>>>

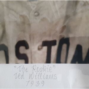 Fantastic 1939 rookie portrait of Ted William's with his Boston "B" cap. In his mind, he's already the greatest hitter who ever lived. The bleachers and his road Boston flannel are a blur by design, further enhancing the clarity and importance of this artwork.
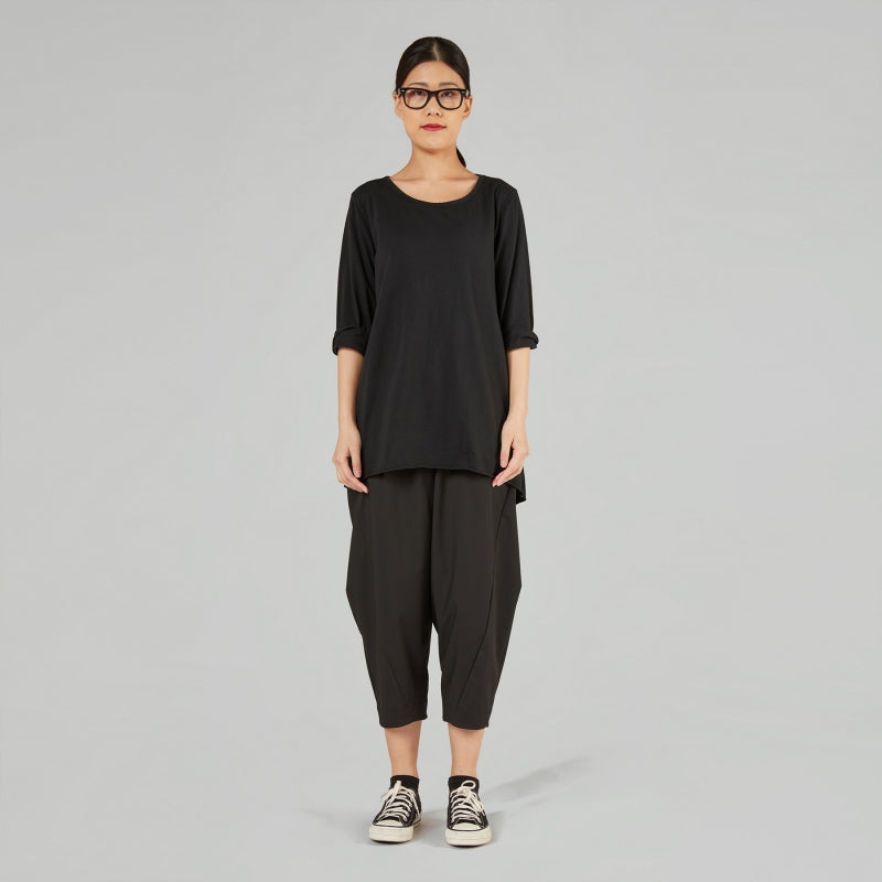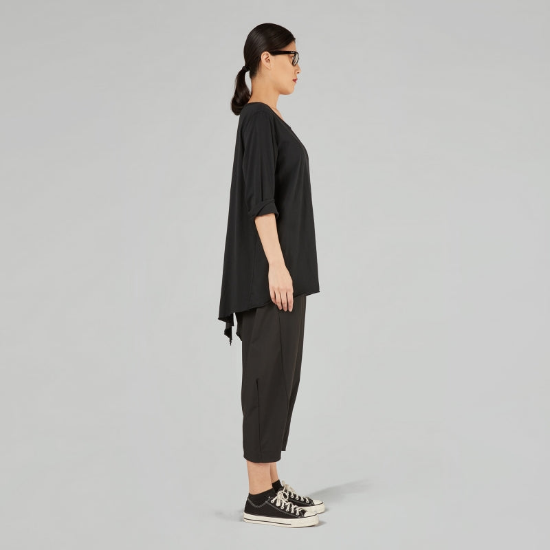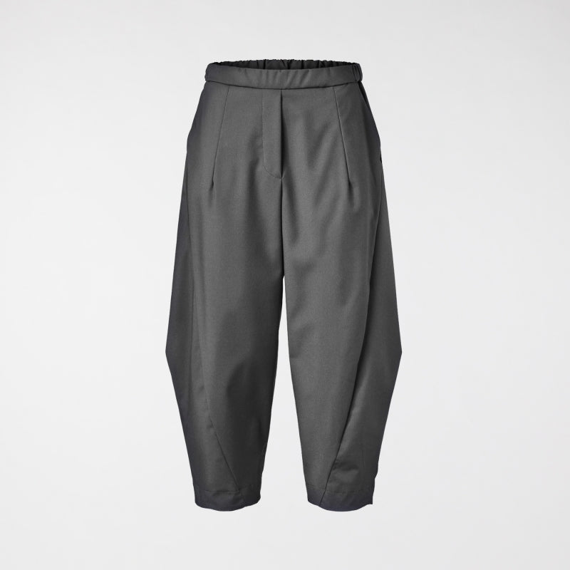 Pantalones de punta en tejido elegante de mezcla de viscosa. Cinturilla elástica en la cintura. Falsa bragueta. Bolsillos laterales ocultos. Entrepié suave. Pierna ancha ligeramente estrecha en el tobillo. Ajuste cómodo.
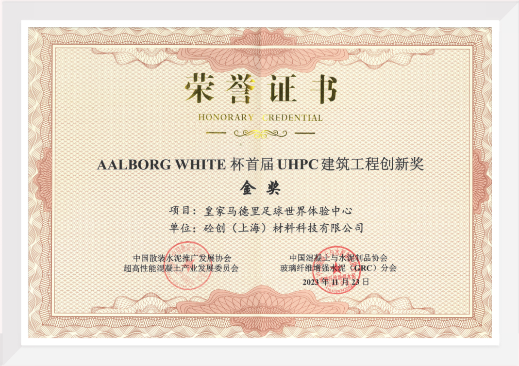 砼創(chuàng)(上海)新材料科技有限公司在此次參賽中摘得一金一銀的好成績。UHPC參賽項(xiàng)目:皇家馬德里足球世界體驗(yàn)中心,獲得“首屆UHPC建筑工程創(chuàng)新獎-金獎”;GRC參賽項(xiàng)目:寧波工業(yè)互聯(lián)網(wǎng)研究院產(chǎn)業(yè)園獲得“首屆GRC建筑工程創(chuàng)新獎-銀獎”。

<<<
>>>

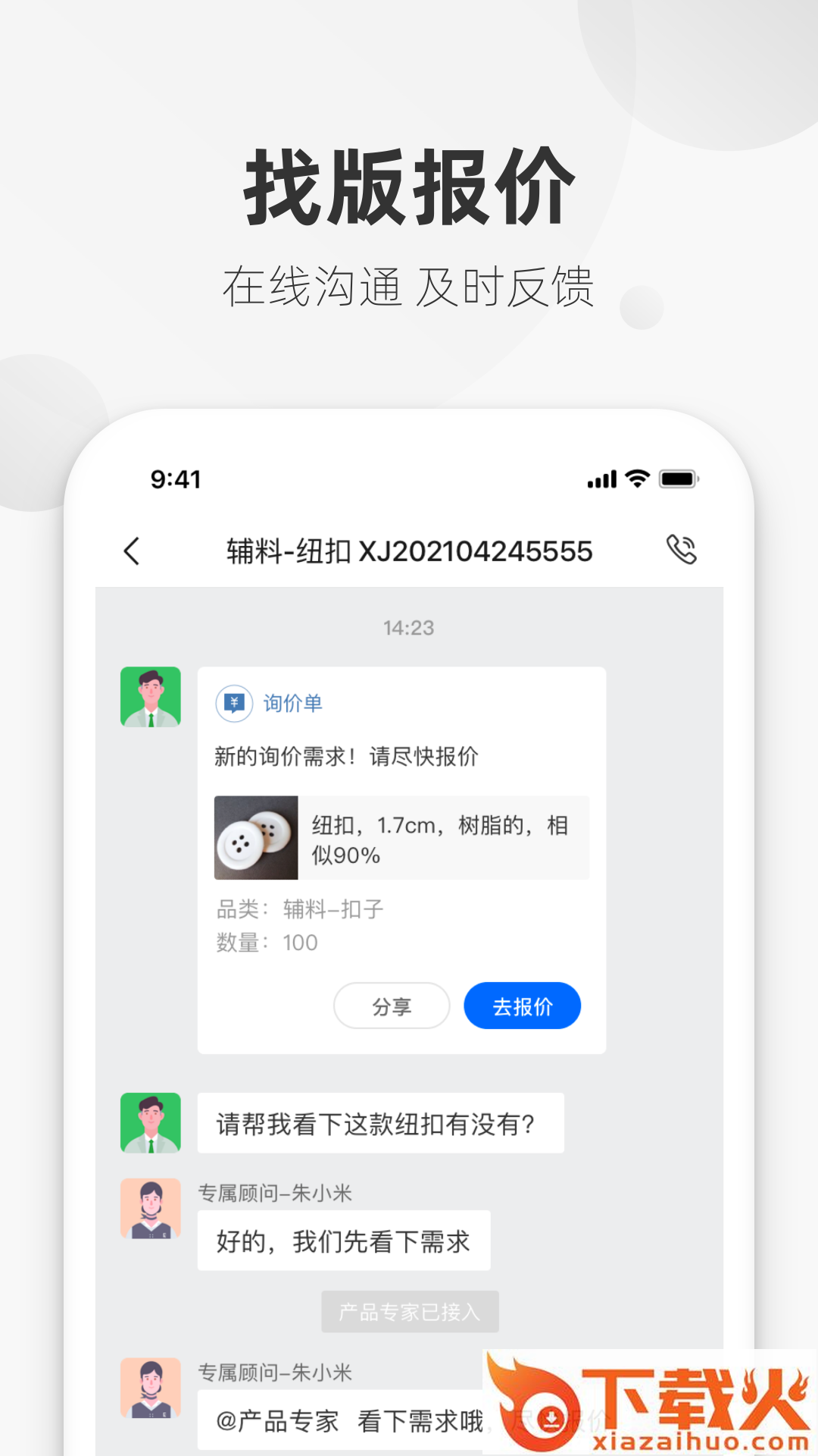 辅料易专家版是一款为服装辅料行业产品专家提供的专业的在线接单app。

<<<
>>>

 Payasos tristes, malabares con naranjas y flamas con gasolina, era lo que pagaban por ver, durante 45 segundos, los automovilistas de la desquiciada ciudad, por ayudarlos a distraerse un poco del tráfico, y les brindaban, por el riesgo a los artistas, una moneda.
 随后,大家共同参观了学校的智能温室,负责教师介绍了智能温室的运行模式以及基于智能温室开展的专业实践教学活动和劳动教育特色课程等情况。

<<<

**WHAT YOU ARE ASKED TO DO:** Starting with the line that has "Fantastic 1939 rookie" and ending with the line that has "砼創(chuàng)(上海)", repeat the lines above exactly, omitting every picture.

**EXERCISE RESPONSE:**
 Fantastic 1939 rookie portrait of Ted William's with his Boston "B" cap. In his mind, he's already the greatest hitter who ever lived. The bleachers and his road Boston flannel are a blur by design, further enhancing the clarity and importance of this artwork.
 Pantalones de punta en tejido elegante de mezcla de viscosa. Cinturilla elástica en la cintura. Falsa bragueta. Bolsillos laterales ocultos. Entrepié suave. Pierna ancha ligeramente estrecha en el tobillo. Ajuste cómodo.
 砼創(chuàng)(上海)新材料科技有限公司在此次參賽中摘得一金一銀的好成績。UHPC參賽項(xiàng)目:皇家馬德里足球世界體驗(yàn)中心,獲得“首屆UHPC建筑工程創(chuàng)新獎-金獎”;GRC參賽項(xiàng)目:寧波工業(yè)互聯(lián)網(wǎng)研究院產(chǎn)業(yè)園獲得“首屆GRC建筑工程創(chuàng)新獎-銀獎”。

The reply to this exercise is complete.